Determine the enthalpy change for the reaction 2C(s) + 2H2O(g) → CH4(g) + CO2(g) using the following:

Answer 1

Answer:

The answer is actually -856.7 kJ

Explanation:

That's what it is on ed-genuity.

Answer 2

Answer : The enthalpy change for the reaction is, 97.7 kJ

Explanation :

According to Hess’s law of constant heat summation, the heat absorbed or evolved in a given chemical equation is the same whether the process occurs in one step or several steps.

According to this law, the chemical equation can be treated as ordinary algebraic expression and can be added or subtracted to yield the required equation. That means the enthalpy change of the overall reaction is the sum of the enthalpy changes of the intermediate reactions.
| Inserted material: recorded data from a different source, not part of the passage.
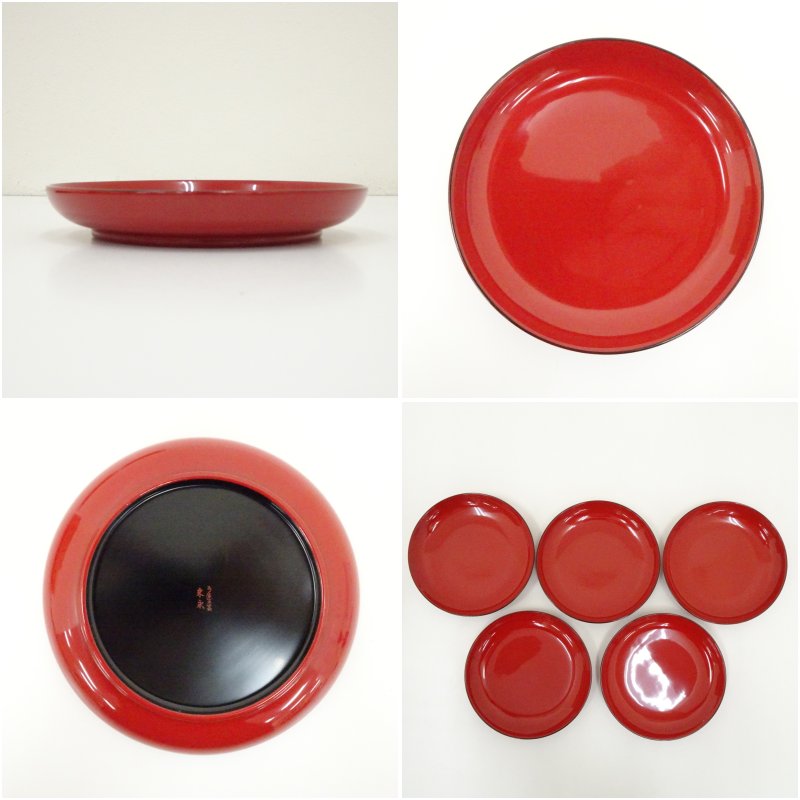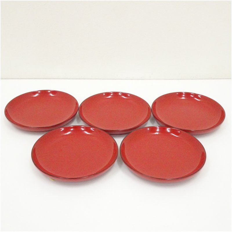 うるし芸 米永造 朱漆塗喜皿 銘々皿5客(共箱) [13-250625c-021a]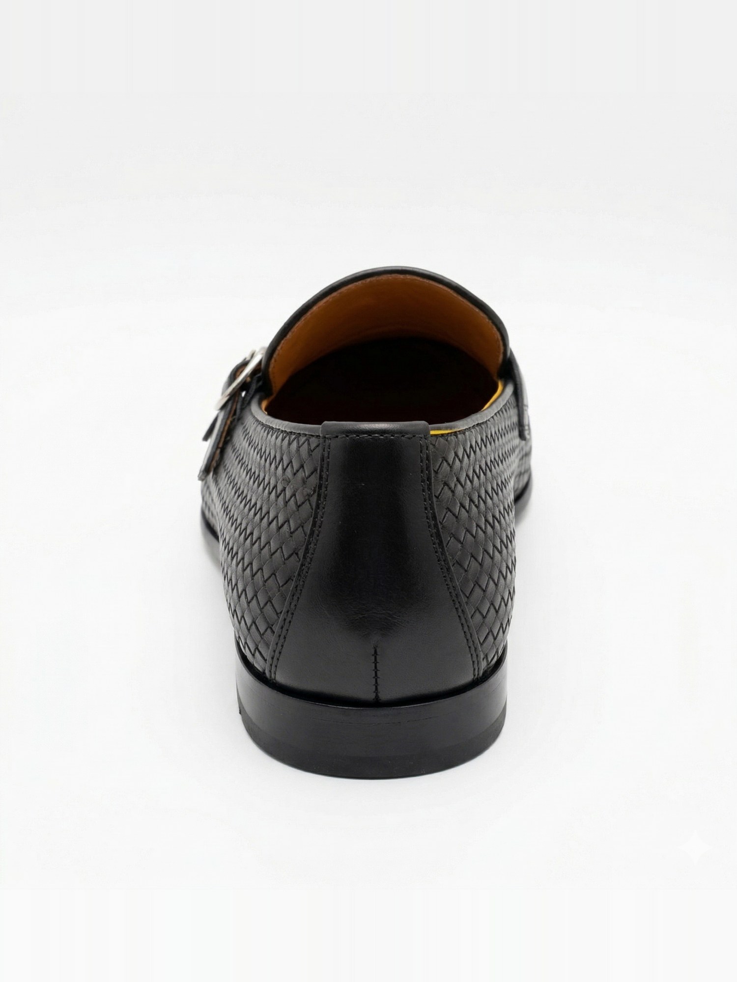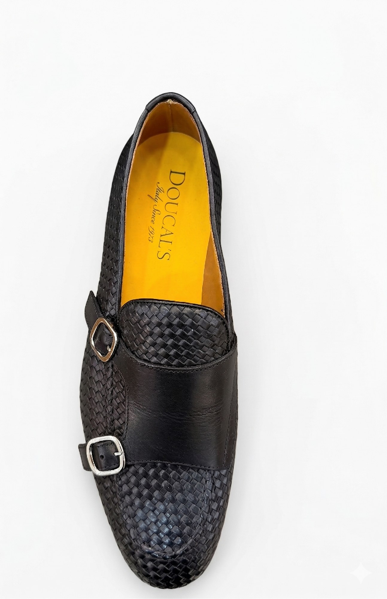 Mocassino in pelle intrecciata con chiusura con doppio cinturino e fibbie e suola sottile in gomma.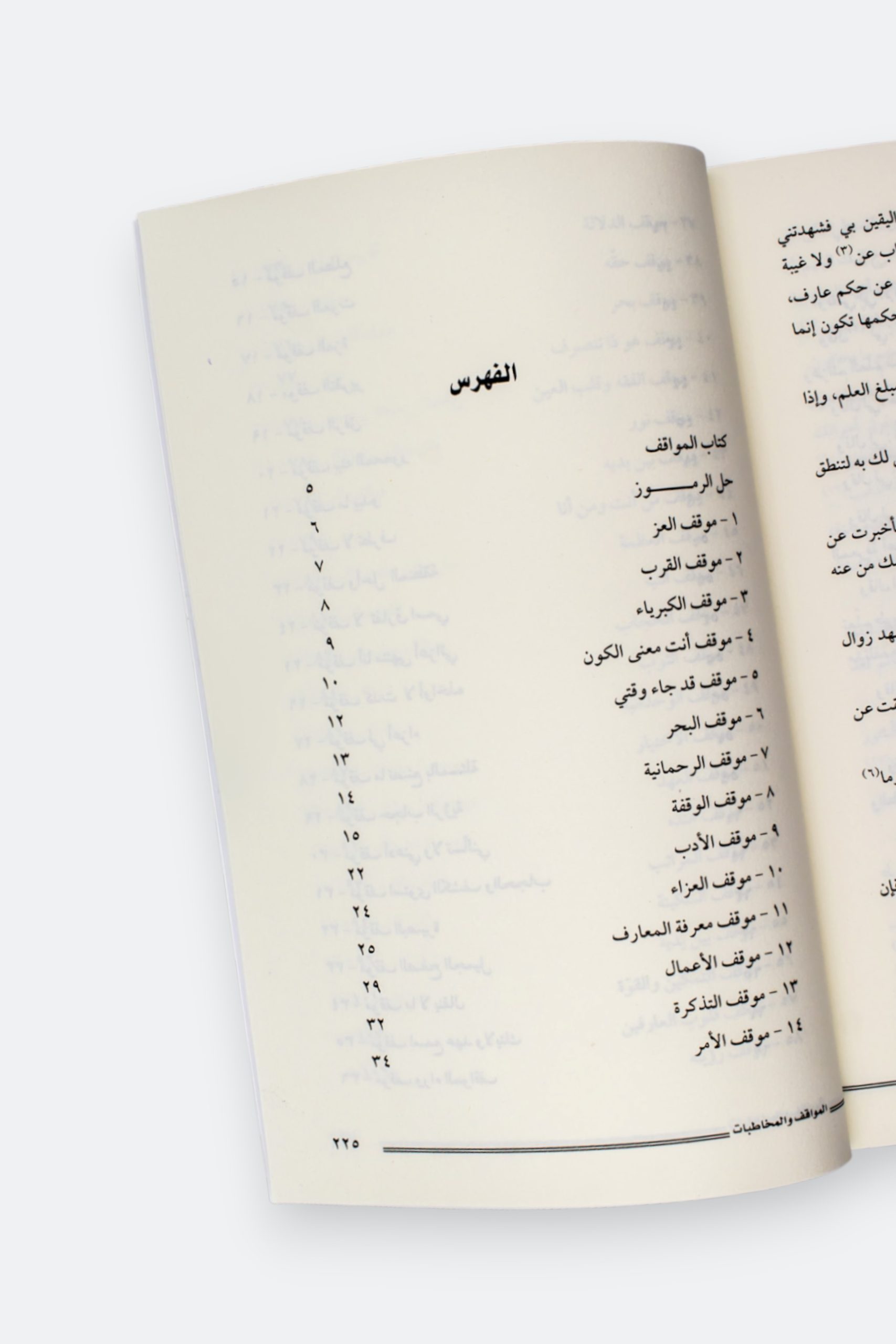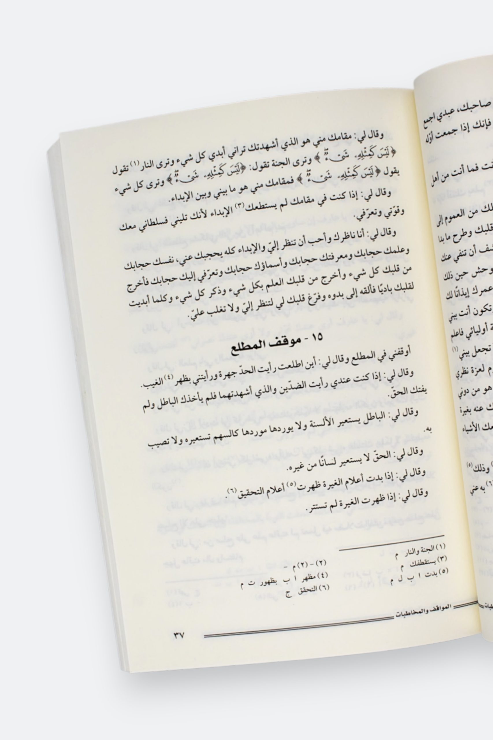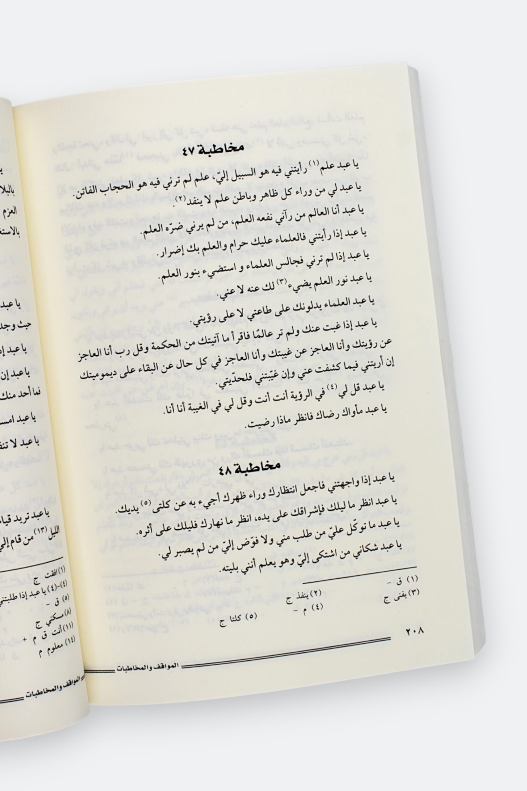 كتاب في التصوف والادب مع الله عز وجل، وهو كتاب عظيم في نفعه غريب في اسلوبه حيث يذكر الكاتب موقف الشرع والدين من كل امر وقف عليه ثم يذكر لسان حاله وكأن الشاعر يخاطبه فيقول : ” وقفني في كذا وقال كذا ” وكذلك في المخاطبات، فجاء الكتاب رائع الاسلوب، سهل التحصيل، عظيم النفع.

The given main chemical reaction is,

$2C(s)+3H_2O(g)\rightarrow CH_4(g)+CO_2(g)$    $\Delta H=?$

The intermediate balanced chemical reaction will be,

(1) $C(s)+H_2O(g)\rightarrow CO(g)+H_2(g)$     $\Delta H_1=131.3kJ$

(2) $CO(g)+H_2O(g)\rightarrow CO_2(g)+H_2(g)$    $\Delta H_2=41.2kJ$

(3) $CH_4(g)+H_2O(g)\rightarrow 2H_2(g)+CO(g)$    $\Delta H_3=206.1kJ$

Now we are multiplying reaction 1 by 2 and reversing reaction 3 and then adding all the equations, we get :

(1) $2C(s)+2H_2O(g)\rightarrow 2CO(g)+2H_2(g)$     $\Delta H_1=2\times 131.3kJ=262.6kJ$

(2) $CO(g)+H_2O(g)\rightarrow CO_2(g)+H_2(g)$    $\Delta H_2=41.2kJ$

(3) $2H_2(g)+CO(g)\rightarrow CH_4(g)+H_2O(g)$    $\Delta H_3=-206.1kJ$

The expression for enthalpy of main reaction will be,

$\Delta H=\Delta H_1+\Delta H_2+\Delta H_3$

$\Delta H=(262.6)+(41.2)+(-206.1)$

$\Delta H=97.7kJ$

Therefore, the enthalpy change for the reaction is, 97.7 kJ